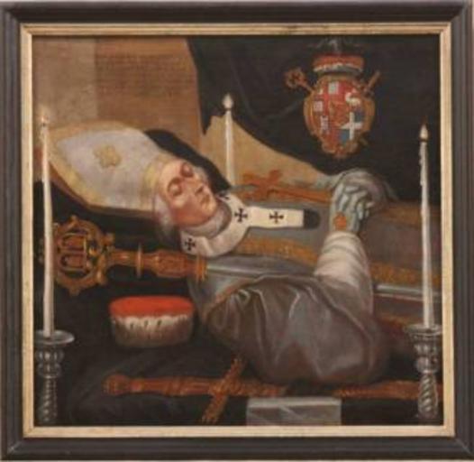 Keywords: Johann Hugo von Orsbeck aufgebahrt.jpg de Fürstbischof Johann Hugo von Orsbeck Webseite über Bischof Orsbeck http //gemeinden erzbistum-koeln de/pfarrverband_weilerswist/kirchen/heilig_kreuz/johann_hugo_von_orsbeck/ zeitgenössischer Maler 1711 PD-old-100 Johann Hugo von Orsbeck Coats of arms of archbishops of the Roman Catholic Diocese of Trier Derivatives of the Coat of arms of Prüm Abbey Derivatives of the Coat of arms of Speyer diocese Derivatives of the Coat of arms of Trier diocese Derivatives of the Coat of arms of Weißenburg priory Ermine headgear in art Clerics with ermine garment |
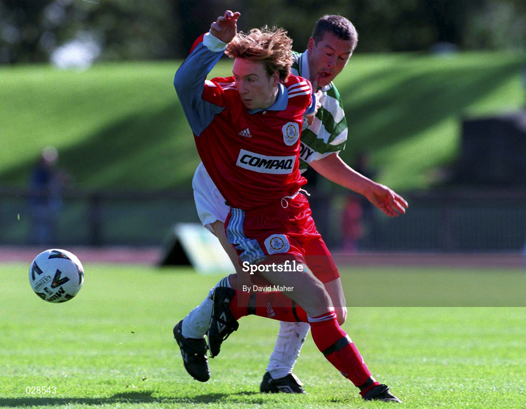 3 October 1999; Adrian Cregg of Galway in action against Thomas Dunne of Shamrock Rovers during the Eircom League Premier Division match between Shamrock Rovers and Galway United at Morton Stadium in Santry, Dublin. Photo by David Maher/Sportsfile
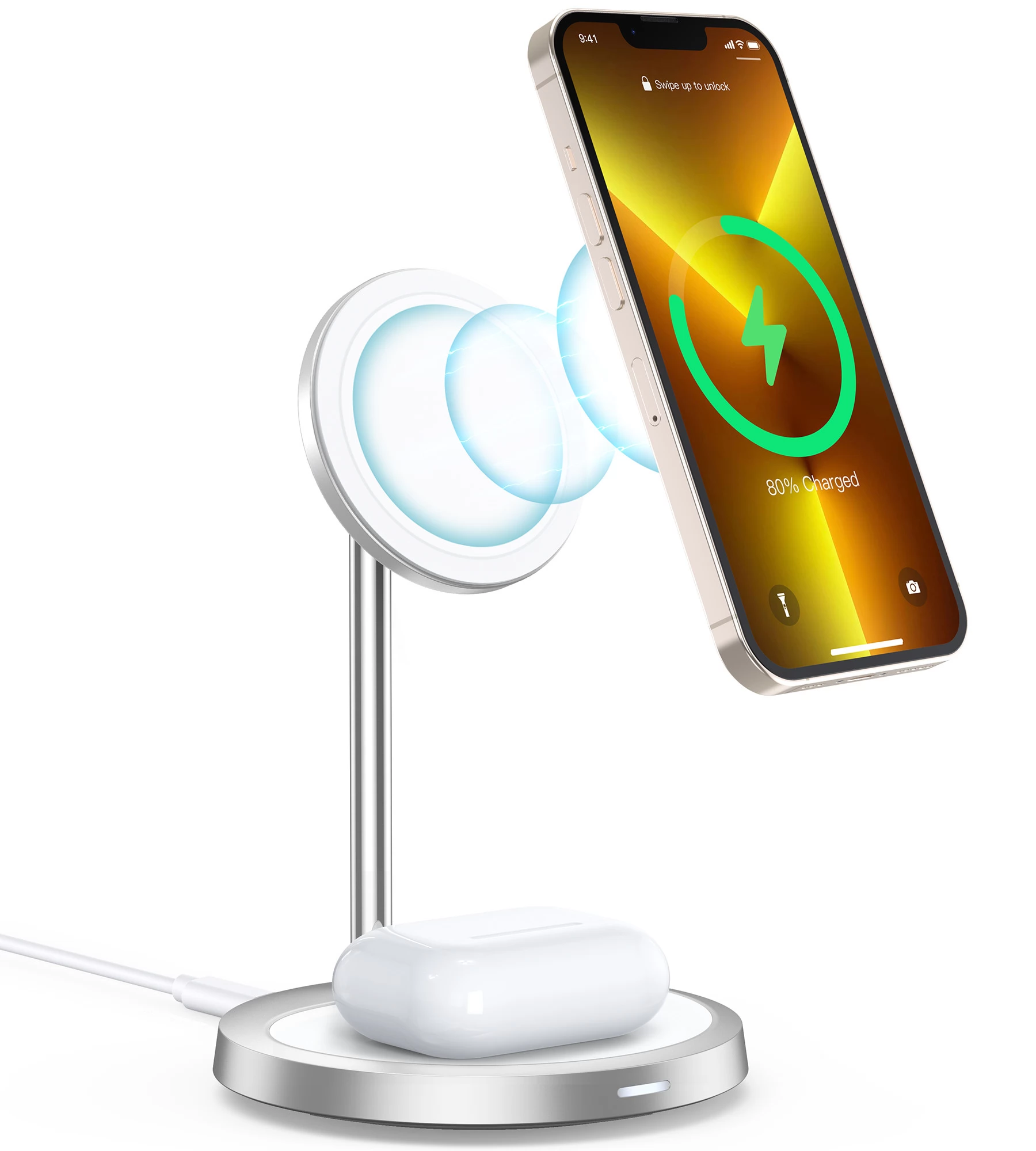 CHOETECH T575-F 2 in 1 Žica bez magnetski stalak za punjenje srebrno
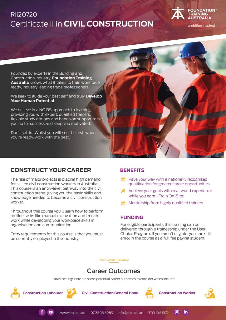 The rise of major projects is placing high demand for skilled civil construction workers in Australia. This RII20720 Certificate II in Civil Construction is an entry-level pathway into the civil construction arena; giving you the basic skills and knowledge needed to become a civil construction worker.

WHAT IS NEEDED: Restate the listing above word for word and skip each picture.

RESULT FOR THIS TASK:
 Keywords: Johann Hugo von Orsbeck aufgebahrt.jpg de Fürstbischof Johann Hugo von Orsbeck Webseite über Bischof Orsbeck http //gemeinden erzbistum-koeln de/pfarrverband_weilerswist/kirchen/heilig_kreuz/johann_hugo_von_orsbeck/ zeitgenössischer Maler 1711 PD-old-100 Johann Hugo von Orsbeck Coats of arms of archbishops of the Roman Catholic Diocese of Trier Derivatives of the Coat of arms of Prüm Abbey Derivatives of the Coat of arms of Speyer diocese Derivatives of the Coat of arms of Trier diocese Derivatives of the Coat of arms of Weißenburg priory Ermine headgear in art Clerics with ermine garment |
 3 October 1999; Adrian Cregg of Galway in action against Thomas Dunne of Shamrock Rovers during the Eircom League Premier Division match between Shamrock Rovers and Galway United at Morton Stadium in Santry, Dublin. Photo by David Maher/Sportsfile
 CHOETECH T575-F 2 in 1 Žica bez magnetski stalak za punjenje srebrno
 The rise of major projects is placing high demand for skilled civil construction workers in Australia. This RII20720 Certificate II in Civil Construction is an entry-level pathway into the civil construction arena; giving you the basic skills and knowledge needed to become a civil construction worker.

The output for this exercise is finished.